The next part is where he provides the so-called "business object" that will make him happier about how things work. This business object does know 1) how to get the data (from a LINQ object defined in Visual Studio) and 2) what information is needed to populate the display object (provided by a simple class whose only business is to represent an appropriate data type).

Probably it's main coolness is that it does some cool stuff to grab the type of GoodObject so that it can be instantiated and asked for the appropriate data type.

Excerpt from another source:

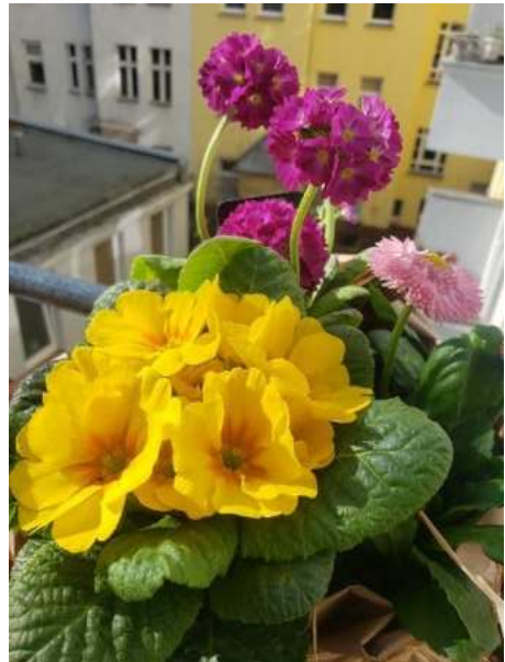
Grüße von Balkonien.

Herzliche Grüße aus Berlin Kathrin Giogoli und Jasmin Lütz

This article uses a tone of esoteric (at least to me) C# constructs and thus provided me a comprehensible context to learn about them:

1) Attributes, ie, code constructs that look like [attributeName].  These are things that add behavior to whatever you put them next to. I'm not entirely clear about the internals, but the basic premise is that you write a class that does something you like, mention it as an attribute adjacent to the class you want that behavior added to, and Voila!, you've got some new behavior. I'm not certain, but I think this may be their way of doing composition in the class definition code. It also seems to offer a whiff of Aspect Oriented Programming. You can added crosscutting behaviors to almost anything. (I first saw, and was unable to understand, attributes when I ran into Postsharp which implements a sort of AOP this way.)

2) Generic classes, eg, Systems.Collections.Generic.List<T>. Turns out that this is the equivalent of a utility library for C#. 

3) Specifying types for generics, eg, List<NameValueType> (the "appropriate data type" mentioned above). Turns out that lots of things have generic types and that you can specify what they are supposed to be this way. I have to say, though, that I'm still a little unclear about the benefits of strong typing.

4) That you can have several methods of the same name for a class that are, apparently, distinguished by their parameters, ie, if you pass it one type, it will select the item of that name with that as a specified parameter; pass it a different type and it will choose the other one. Maybe this is why strong typing is good. Not really feeling it yet.

5) The [serializable] attribute. This allows you to pass the object to a variety of serializers (binary, xml, etc) that store objects in serialized form.

6) A practical and believable example of why it's good to have an interface class. In this case, it allows future programmers to be confident that their "lightweight business object" will have the ability to generate the "appropriate data type" for populating drop down lists (and many other things).


And it's only early afternoon.


So, I did it. I made it so that I could show a bunch of radio buttons reflecting categories in the database. It uses the auto-postback feature of the radiolist thingy so that when you click on a radio, it auto-reloads the page.

Hey, it's not much, but if I had the patience to tell you about all of the hassles (values in sql-type queries are strongly typed, where clause comparisons use '==', not '=', etc), you'd be proud.